We are sure you must be bored to death about hearing about how food was always fresh and of superlative quality, from your grandparents. Well, it’s true! In the good ol’ days, vegetables were sourced locally, wheat and rice were grinded at home and cows and buffaloes were milked for dairy every morning; and there were no supermarkets or packaged foods.
Well, the times have changed; milk is packaged, and so are your vegetables. And you can’t fight it even if you want to. However, that doesn’t necessarily mean you need to compromise on the quality.
Quality makes all the difference. The flavours and texture of elements in the final dish will depend on how fresh the produce is. A seven-day old broccoli that looks tired and dehydrated or yellowing kale will not retain the crunch and taste in a stir fry. Not to mention the several nutrients that the vegetable will lose when it gets stale. Similarly, while cooking with seafood, it’s important to know that you have used a fresh catch; seafood should reach your kitchen within twenty-four hours of being caught. While you may use different spices and techniques to enhance the taste of what you are cooking, it cannot add taste to the raw produce if it is not of supreme quality.
Pure, fresh and quality of raw produce is healthy and tasty. Even the best chefs in the world – from Rick Stein to Jamie Oliver and Matt Moran, will tell you that fresh produce is the key to amazing flavours.
But, is it as black and white as it is made out to be? Fresh food is the best, but is it always fresh? Vegetables and fruits may take days to reach your kitchen, and in the process may lose some of its purity and freshness. Fish and meat not handled properly (unregulated temperature control, low hygiene standards, etc.), even though looking fresh, may contain bacteria and cause stomach upsets.
What lies beneath…
Fresh produce is best to work with. It can create remarkable dishes. However, what really matters is the origin, quality and storage conditions right up to the time of delivery. Fresh produce is typically picked up before it’s ripe; so it doesn’t always come with a load full of nutrients. Also, with time, they start losing the nutrients that they have.
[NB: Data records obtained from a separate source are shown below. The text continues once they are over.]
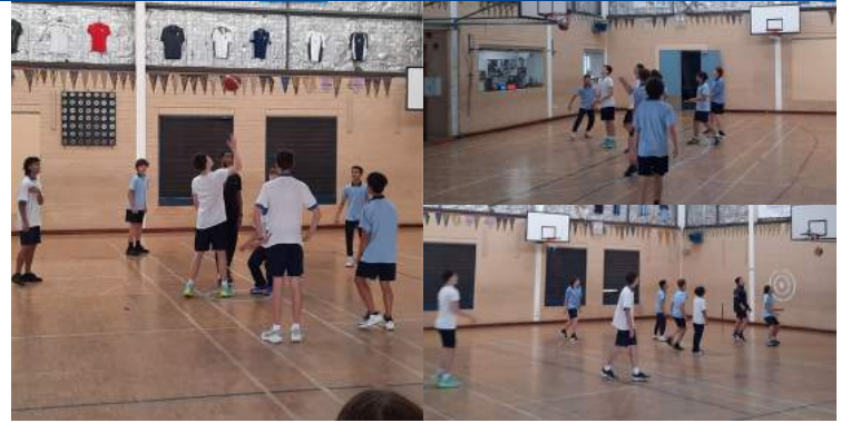
referee matches Australia wide.

Over the ten-week program, students developed their on-court and teamwork skills through hour long sessions before school with expert coaches. They have also completed their level 0 coaching course and "green shirt" refereeing course, allowing them to coach teams and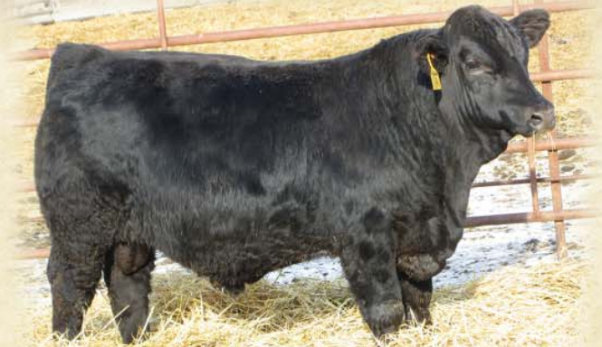
DDGR ALL IN 1A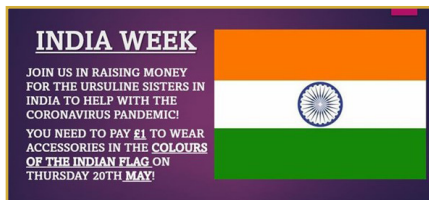
India Week- Fundraising for the Ursuline Sisters to assist with COVID-19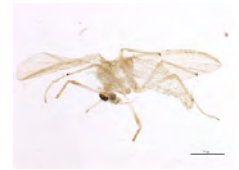
[Lateral] Chironomidae BIN URI: BOLD:AAL7356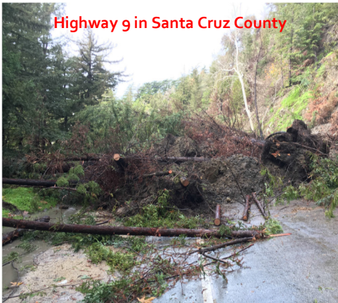
Highway 9 in Santa Cruz County

A quarterly publication for our transportation partners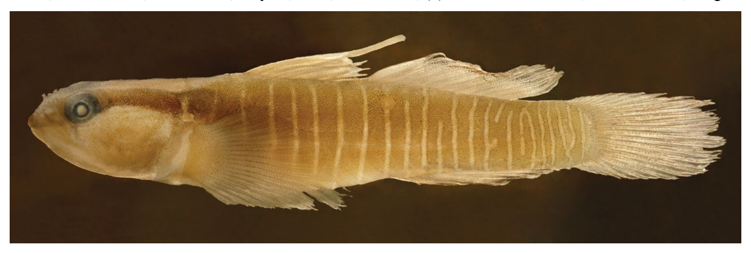
Figure 3. Holotype of Elacatinus panamensis , 23 mm SL male from San Blas, Panama (SIO-9-304).

Paratypes. SIO-09-305, (5) 15.7–22.4 mm SL, Panama, San Blas Islands, Smithsonian Tropical Research Institute facility adjacent to Wichubhuala, Kuna Yala (9.550, -78.953), B. Victor, January 23, 1983; SIO-09-306, (5) 12–20.5 mm SL. Panama, Colon District, Los Farallones (9.644, -79.627), D.R. Robertson, J. Van Tassell, B. Victor, L. Tornabene, and E. Pena, May 27, 2007; SIO-09-307, (1) 8.8 mm SL. Panama, Colon District, Mogote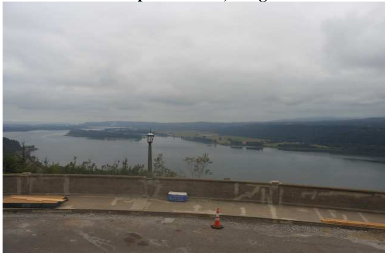
5th stop - Vista House (didn't get a pic of the "house") Columbia River Gorge in background

And that’s where frozen or canned food scores the point. Frozen vegetables and fruits are harvested at their prime. They are then frozen, thus locking in most of the nutrients. While there may be minor losses of water soluble vitamins due to the initial blanching, most of the vitamin and mineral content remains intact. The same way, flash freezing of seafood seals in the freshness and keeps flavour intact. The contact with air and moisture loss are minimum.
Canned food might be somewhat depleted during processing, but once the initial loss is over, the nutrients level is locked. A 6-month old can of tuna or peas on the shelf can be healthier vis-à-vis the fresh produce, that has been sitting on the shelf for weeks.
Similarly, dried fruit is high in energy as the drying process concentrates the sugars. It also has a high concentration of more stable nutrients such as calcium and iron. Talking about seafood, pure dried fish is a completely natural product that retains the antioxidants and omega-3 benefits of fresh fish. Dried fish doesn’t require preservatives, making it a healthy alternative.
While it is best to eat farm fresh produce for a healthy lifestyle, when you don’t have access to it, believe us, frozen, canned and dried foods are the next best alternative to boost nutrition!